Jumping right into it then shall we? Many of you know my sports background; it is something I am not ashamed of nor try to hide. A lot of traits have carried over from my sports background into my career and as I go through these traits you will see some similarities shine through.

The Base – Industriousness, Friendship, Loyalty, Cooperation, Enthusiasm

Building a house means you start with building a solid foundation. These traits are ones that stick out to me as building part of that solid foundation:

  • Industriousness – “Success travels in the company of very hard work. There is no trick no easy way.” – put forth that effort
  • Friendship – “Strive to build a team or be part of a team that is filled with camaraderie and respect: comrades-in-arms.”
  • Loyalty – “Be true to yourself. Be true to those you lead.”
  • Cooperation – “Have utmost concern for what’s right rather than who’s right.”
  • Enthusiasm – “Your energy, enjoyment, drive, and dedication will stimulate and greatly inspire others.”

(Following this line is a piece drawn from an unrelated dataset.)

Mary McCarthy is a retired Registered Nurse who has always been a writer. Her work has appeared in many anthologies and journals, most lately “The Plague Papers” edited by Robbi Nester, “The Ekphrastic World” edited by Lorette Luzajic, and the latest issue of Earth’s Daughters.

The Second Layer – Self-Control, Alertness, Initiative, Intentness

  • Self-Control – “Be disciplined” – enough said.
  • Alertness – “Constantly be aware and observing. Always seek to improve yourself and the team.”
  • Initiative – “Make a decision! Failure to act is often the biggest failure of all.”
  • Intentness – “Stay the course. When thwarted try again; harder, smarter. Persevere relentlessly.”

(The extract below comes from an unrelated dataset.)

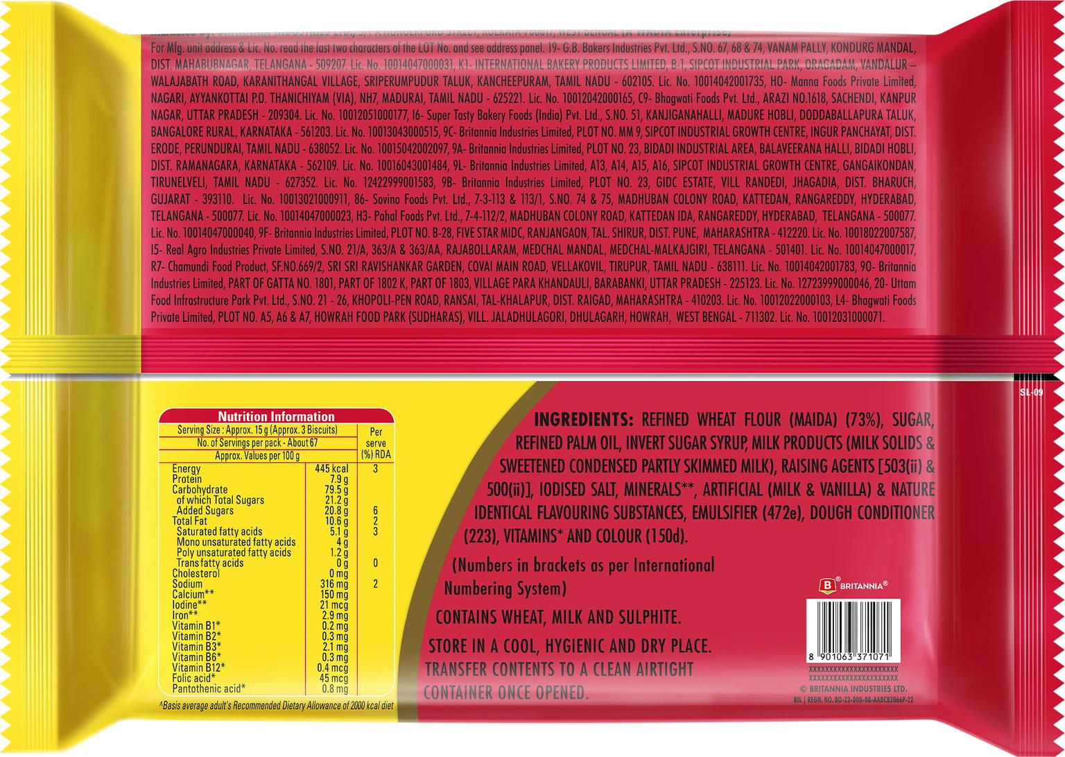Britannia Marie Gold biscuits are also widely used in households for making desserts such as biscuit cakes, puddings and other quick recipes. With a long shelf life and convenient packaging, the 1 kg family pack is perfect for sharing with family members and enjoying anytime at home, office or while travelling.

The Third Layer – Condition, Skill, Team Spirit

  • Condition – “Ability may get you to the top, but character will keep you there – mental, moral, and physical.”
  • Skill – “What a leader learns after you’ve learned it counts most of all.”
  • Team Spirit – “The star of the team is the team. ‘We’ supersedes ‘me’.”

The Fourth Layer – Poise, Confidence

  • Poise – “Be yourself. Don’t be thrown off by events whether they are good or bad.”
  • Confidence – “The strongest steel is well founded self-belief. It’s is earned; not given.”

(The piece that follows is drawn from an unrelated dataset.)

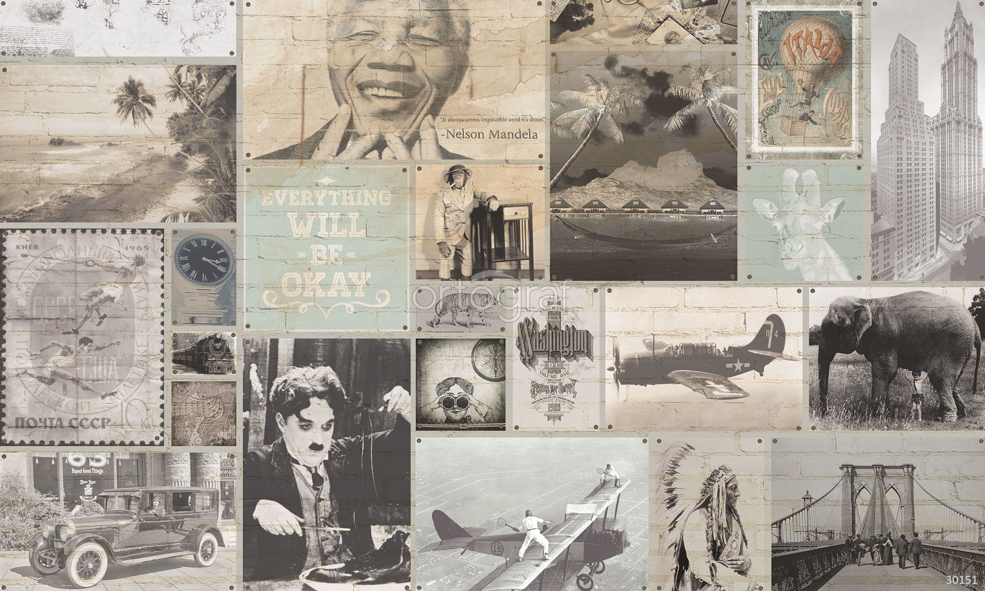 На изображении представлен выразительный тематический коллаж из винтажных фотографий, постеров и открыток, отображающих сцены из истории XX века и моменты повседневной жизни. В композиции встречаются кадры автомобилей, архитектурные сооружения, памятные надписи, животные, сцены с человеческими фигурами, самолёт, слон, жираф, и фразы наподобие "Everything will be okay". Атмосфера передачи ностальгии и воспоминаний о прошлых эпохах — ощущение того, что на стене собрана коллекция культурных символов, знаковых событий и бытовых сюжетов.

The Final Layer – Competitive Greatness

  • “Perform at your best when your best is required. Your best is required each day.”

Do I follow these principles every day? I wish I could say yes, but nevertheless I do not. I strive for these as in my heart I believe them to be solid foundations for me as a data professional, but I am human.

With success does come failure, but what defines you as an individual is not how many times you get knocked down. Instead it is how many times you get back up from the knockdowns that you will receive on your journey.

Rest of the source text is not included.